The research, in zebrafish and mice, focused on a gene called Gpr56, which manufactures a protein of the same name.
Researchers at Washington University School of Medicine in St Louis found that when the protein Gpr56 is disabled, there are too few oligodendrocytes to provide insulation for all of the axons. Still, the axons looked normal.
And in the relatively few axons that were insulated, the myelin also looked normal. But the researchers observed many axons that were simply bare, not wrapped in any myelin at all.
Without Gpr56, the cells responsible for applying the insulation failed to reproduce themselves sufficiently, according to the study's senior author, Kelly R Monk.
These cells actually matured too early instead of continuing to replicate as they should have. Consequently, in adulthood, there were not enough mature cells, leaving many axons without insulation.

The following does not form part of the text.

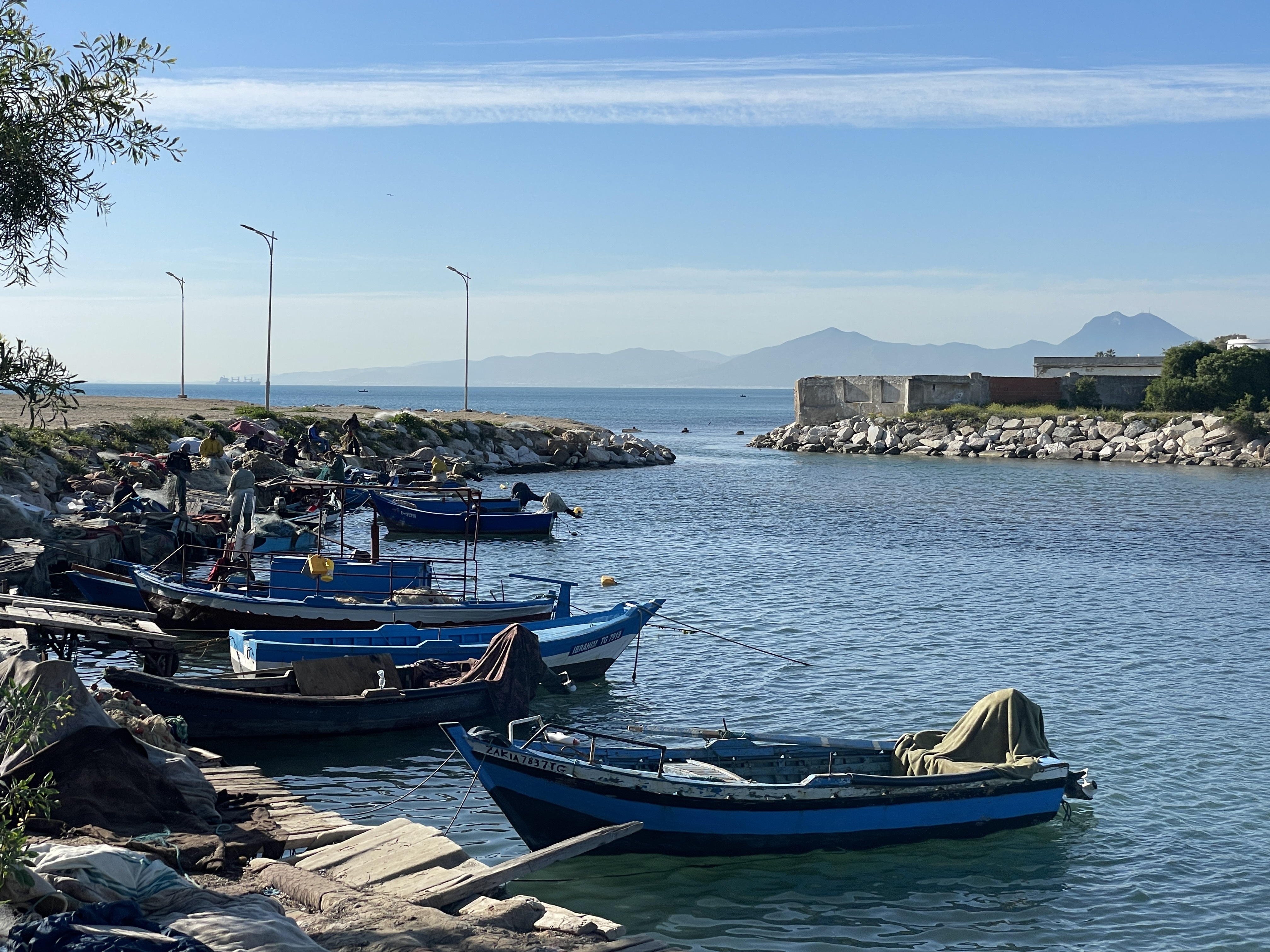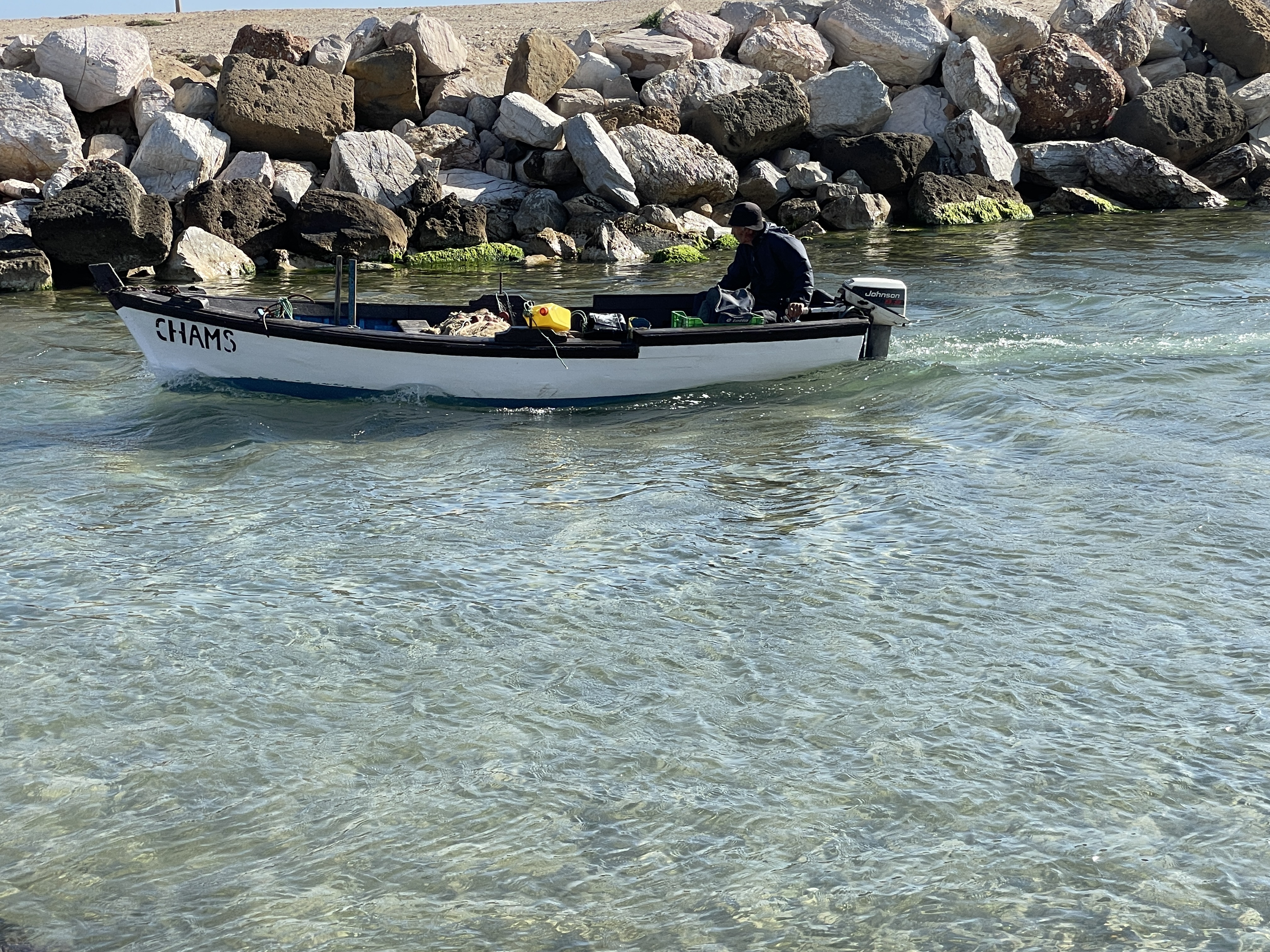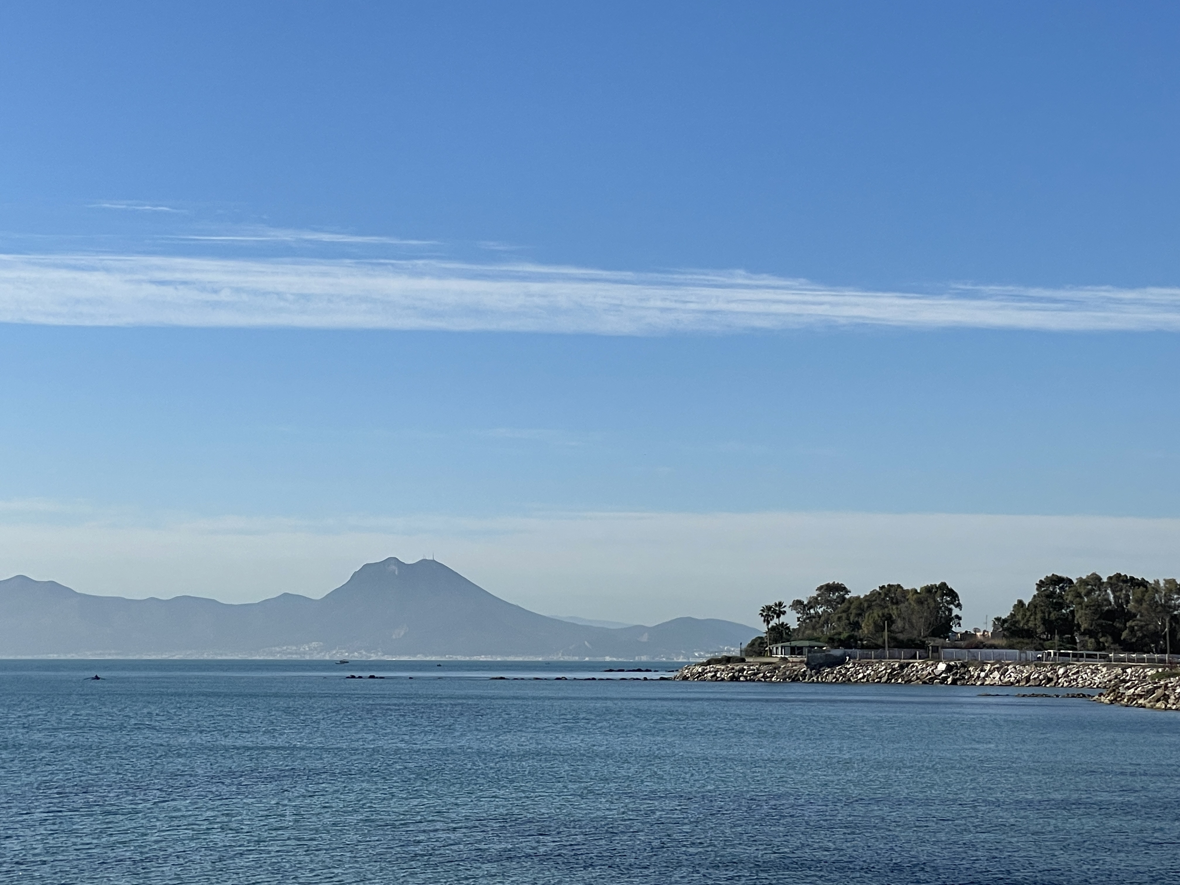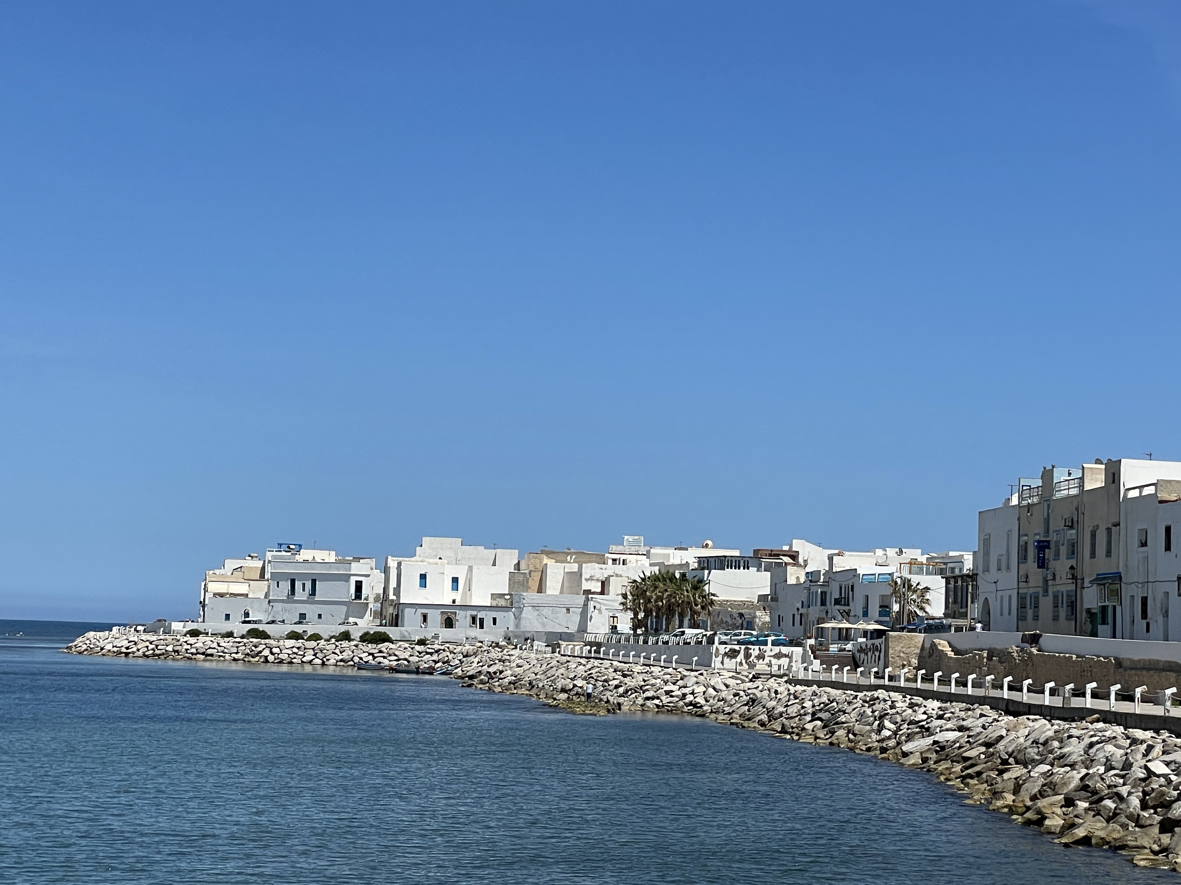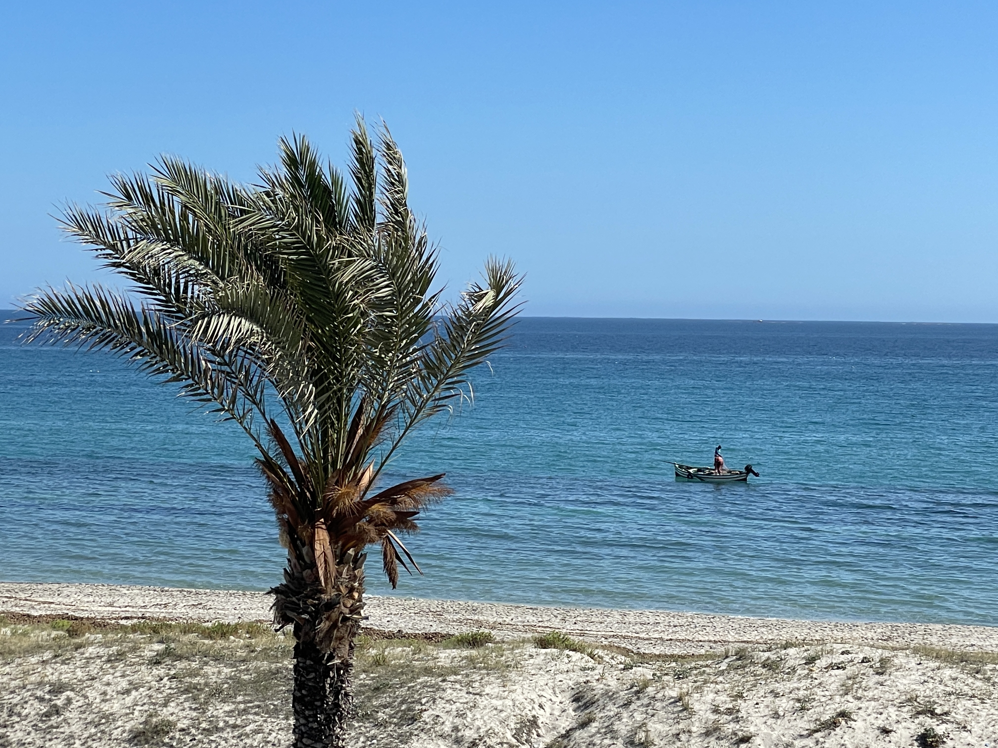 Our comfortable car arrived late Saturday morning for what was to be a 220km journey south. The main highway runs through the middle of the country, unfortunately not along the coastline but through endless olive groves. The older trees look like twisted, gnarled statues, neatly lined up like sentinels. About three hours later, we arrived in Mahdia, which is located on the most easterly peninsula of Tunisia. The crescent bay stretches some 240km up to Kelibia at the top, with a sandy coastline from one end to the other. From our terrace, we have an unobstructed view across the entire panorama, which is simply incredible.

"We first saw this defect in the developing zebrafish embryo," said first author Sarah D Ackerman, a graduate student in Monk's lab.
Senior author Xianhua Piao, of Harvard University, and her co-authors, including Monk, showed similar defects in mice without Gpr56.
In past work, Piao also has shown evidence that human defects in Gpr56 lead to brain malformations related to a lack of myelin.
"Dr Piao's research in human patients suggests that similar mechanisms are at work in people," Monk said.
Monk also said that Gpr56 belongs to a large class of cell receptors that are common targets for many commercially available drugs, making the protein attractive for further research.
The investigators pointed out its possible relevance in treating diseases associated with a lack of myelin, with particular interest in multiple sclerosis.
"In the case of MS, there are areas where the central nervous system has lost its myelin," Monk said.
The study appears in the journal Nature Communications.